Running a parallel job (alternative episode)
Last updated on 2026-05-19 | Edit this page
Overview
Questions
- What is the difference between array jobs and MPI?
- What benefits arise from parallel execution?
- What are the limits of gains from execution in parallel?
Objectives
- Distinguish between job arrays and MPI
- Download prime generator program
- Prepare a job submission script for the parallel executable.
- Launch jobs with parallel execution.
- Record and summarize the timing and accuracy of jobs.
- Describe the relationship between job parallelism and performance.

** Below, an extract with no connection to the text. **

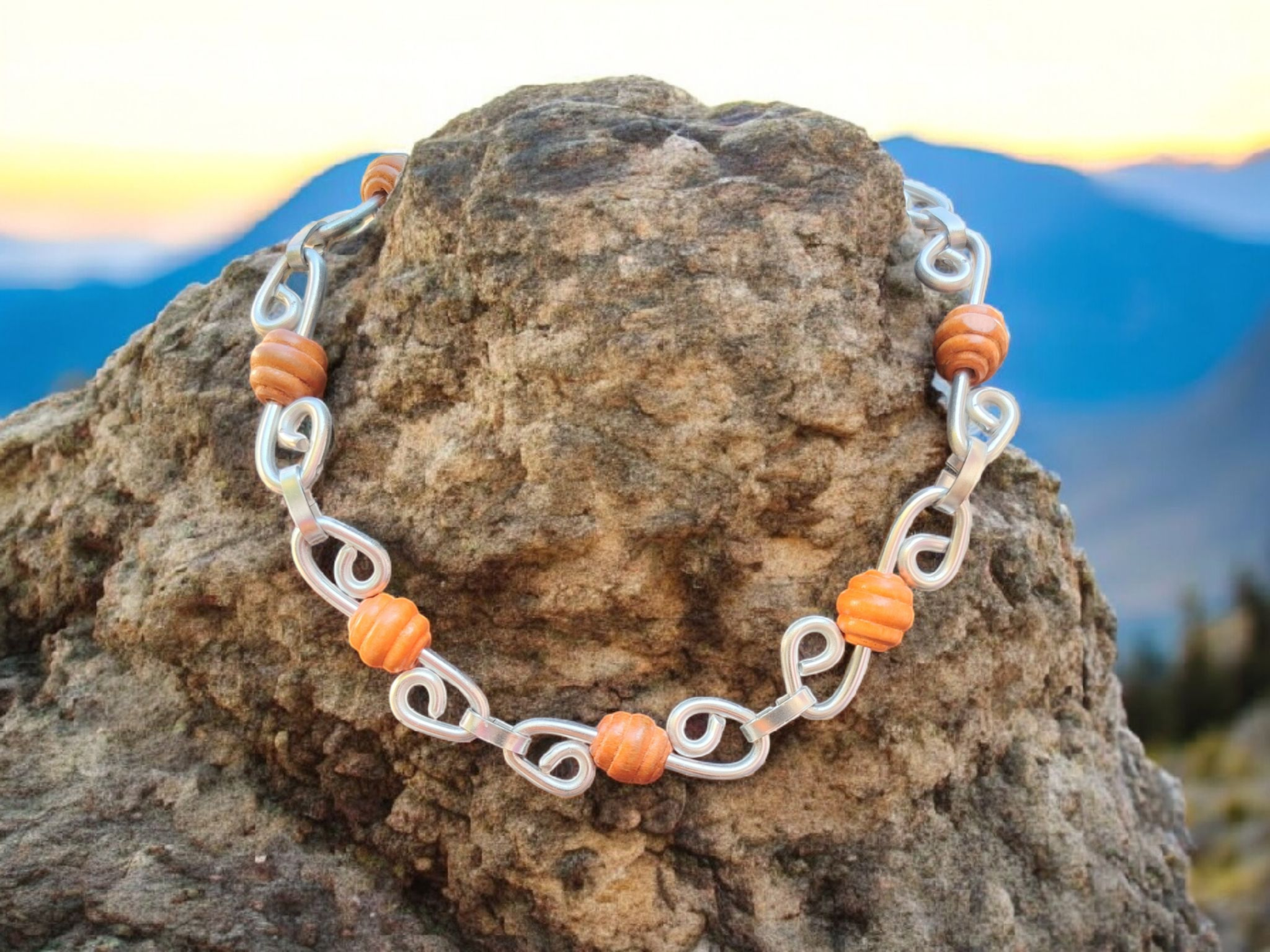 Les perles de bois orange sculptées apportent une touche artisanale et chaleureuse, rappelant les nuances dorées du soleil couchant. Leur couleur vive contraste délicatement avec l’éclat argenté de l’aluminium, créant un équilibre parfait entre nature et modernité.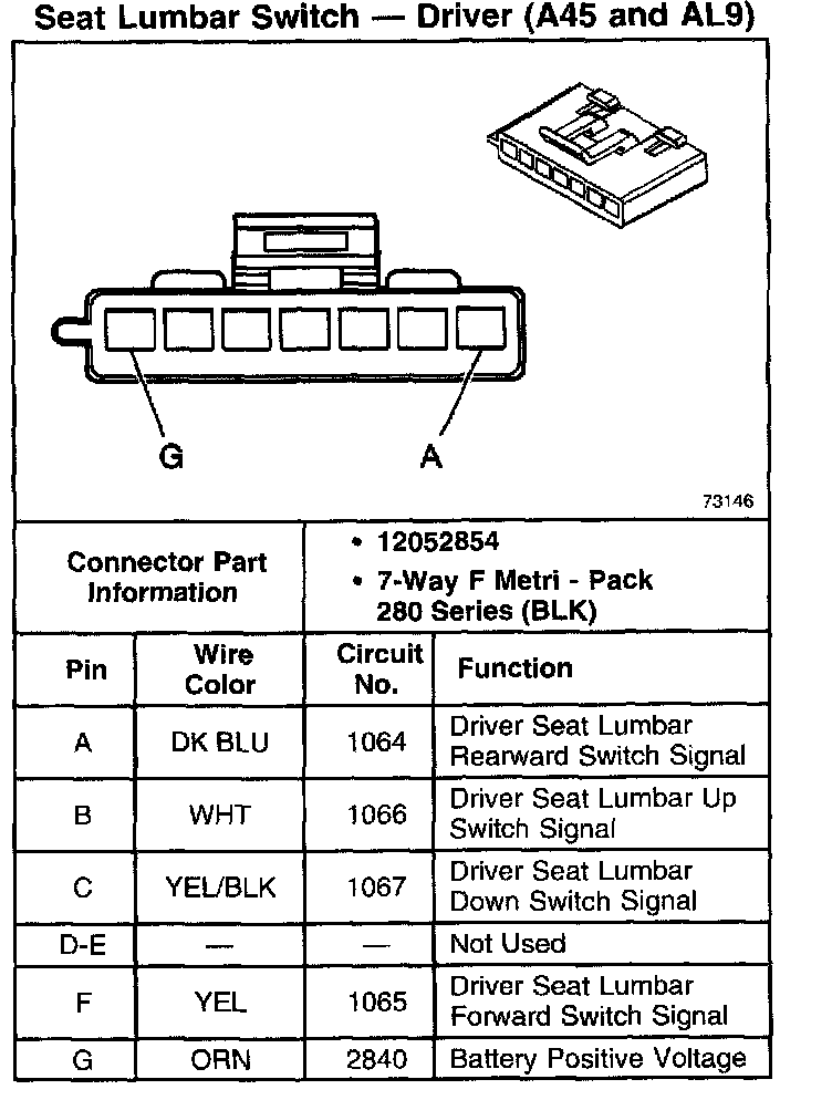 Seat Lumbar Switch - Driver (A45 And AL9):

In the previous episode we mentioned the use of the Message Passing Interface (MPI) to accomplish parallelisation. While array jobs allow us to launch several instances of the same program, but with different data, across several nodes, MPI allows a single task to be distributed over several CPU cores.
It is thus possible to use array jobs in conjunction with MPI.
What is MPI?
The Message Passing Interface is a set of tools which allow multiple tasks running simultaneously to communicate with each other. Typically, a single executable is run multiple times, possibly on different machines, and the MPI tools are used to inform each instance of the executable about its sibling processes, and which instance it is. MPI also provides tools to allow communication between instances to coordinate work, exchange information about elements of the task, or to transfer data. An MPI instance typically has its own copy of all the local variables.
In this episode we will use two small programs, written in C, to calculate the number of primes found between two given numbers. One of the programs calculates prime and by using MPI spreads the job over several CPU cores while the other program doesn’t. After running both these programs one can compare their output to see the difference in efficiency.
If you disconnected, log back in to the cluster.
Only do this if pre-compiled binaries of the programs have not been made available to you.
Steps
- Download code
- Compile code
- Copy binaries to home directory
If you disconnected, log back in to the cluster.
Clone the repository
BASH
[you@laptop:~]$ git clone https://github.com/NewcastleRSE-Training/HPC_Training_Example_Jobs.git
Compile the code.
BASH
[you@laptop:~]$ cd HPC_Training_Example/c
[you@laptop:~]$ module load GCC OpenMPI
[you@laptop:~]$ ./compile.sh
OUTPUT
Compiling primes.c function...
Compiling single process version...
Creating executable binary...
-rwxr-x--- 1 username group 17472 Jan 23 11:14 single_gcc
Compiling primes.c function...
Compiling single process version...
Creating executable binary...
-rwxr-x--- 1 username group 7176 Jan 23 11:14 single_aocc
Compiling primes.c function...
Compiling MPI multi-process version...
Creating executable binary...
-rwxr-x--- 1 username group 17096 Jan 23 11:14 multi
[you@laptop:~]$
Move (or copy) the binaries to your home directory
Copying the programs into your home directory
Make sure you are in your home directory.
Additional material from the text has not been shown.